EZB-Präsident verteidigt neue Wege der Geldpolitik

Draghi: Alte Paradigmen helfen nicht bei Umbrüchen

EZB-Präsident verteidigt neue Wege der Geldpolitik

ms Frankfurt – Wenn es zu fundamentalen Umbrüchen in der Welt kommt, müssen nach Auffassung von EZB-Präsident Mario Draghi die Zentralbanken die neue Lage völlig offen und unvoreingenommen betrachten und die Geldpolitik notfalls entsprechend anpassen. Genau das sei vor zehn Jahren, als die Weltfinanzkrise ausbrach, geschehen, sagte Draghi gestern zum Auftakt des Nobelpreisträgertreffens in Lindau. Die unkonventionellen Maßnahmen der Geldpolitik, zu denen breite Anleihekäufe gehören, hätten mit dazu beigetragen, die Welt widerstandsfähiger zu machen, sagte Draghi.”Wenn sich die Welt verändert, wie sie es vor zehn Jahren getan hat, müssen die Politiken und insbesondere die Geldpolitik angepasst werden”, sagte Draghi – auch wenn das nicht einfach sei.

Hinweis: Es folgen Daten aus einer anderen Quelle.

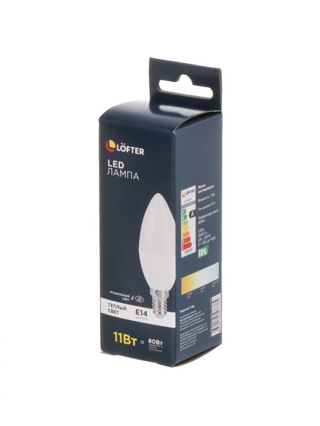 Лампа светодиодная E14, 11 Вт, 80 Вт, 220 В, свеча, 3000 К, теплый белый свет, Lofter
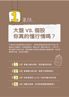 1. 不用複雜難懂的艱澀理論,直接告訴你跟賺錢有關、必須知道的常識!例如大盤指數是如何計算出來的?為什麼大盤漲的時候,還是有些股票不動如山?為什麼國安基金、四大基金都愛權值股?財經新聞裡常講的「量價背離」、「量先價行」是什麼意思?為什麼投資人需要關注美股、日股,臺股的ADR、GDR又是什麼?

Das erfordere “eine unvoreingenommene, ehrliche Einschätzung der neuen Realitäten mit klaren Augen, frei von der Verteidigung früherer Paradigmen, die jegliche Erklärungskraft verloren haben”, mahnte der Notenbanker.Mit seinen Aussagen stellt sich Draghi nicht zuletzt gegen seine vielen Kritiker in Deutschland, die der Europäischen Zentralbank (EZB) vorhalten, sie habe im Kampf gegen die Folgen der Weltfinanz- und der Euro-Krise jegliches Maß verloren und Tabus wie den Kauf von Staatsanleihen gebrochen.Zugleich heizt Draghi die Debatte über die Zukunft der Geldpolitik und eine “neue Normalität” an (vgl. BZ vom 23. August). Diese Diskussion dürfte auch das heute beginnende Treffen der Zentralbankerelite in Jackson Hole prägen. Draghi mahnte, sich der Lücken im makroökonomischen Denken stets gewiss zu sein.Wenngleich die Maßnahmen von Zentralbanken, Regulierern und Aufsehern die Welt robuster gemacht hätten, sei es nötig, sich für künftige Krisen zu wappen, sagte Draghi: “Wir sollten uns weiter auf neue Herausforderungen vorbereiten.” Die Zentralbanken sind laut Draghi selbst dann nicht machtlos, wenn sie ihre Leitzinsen bereits auf Rekordtiefstände gesenkt haben. Sollten sie gewillt sein, unkonventionelle Wege einzuschlagen, “dann können sie selbst unter den widrigsten Umständen weiterhin ihre Mandate für Preisstabilität verfolgen”, sagte er.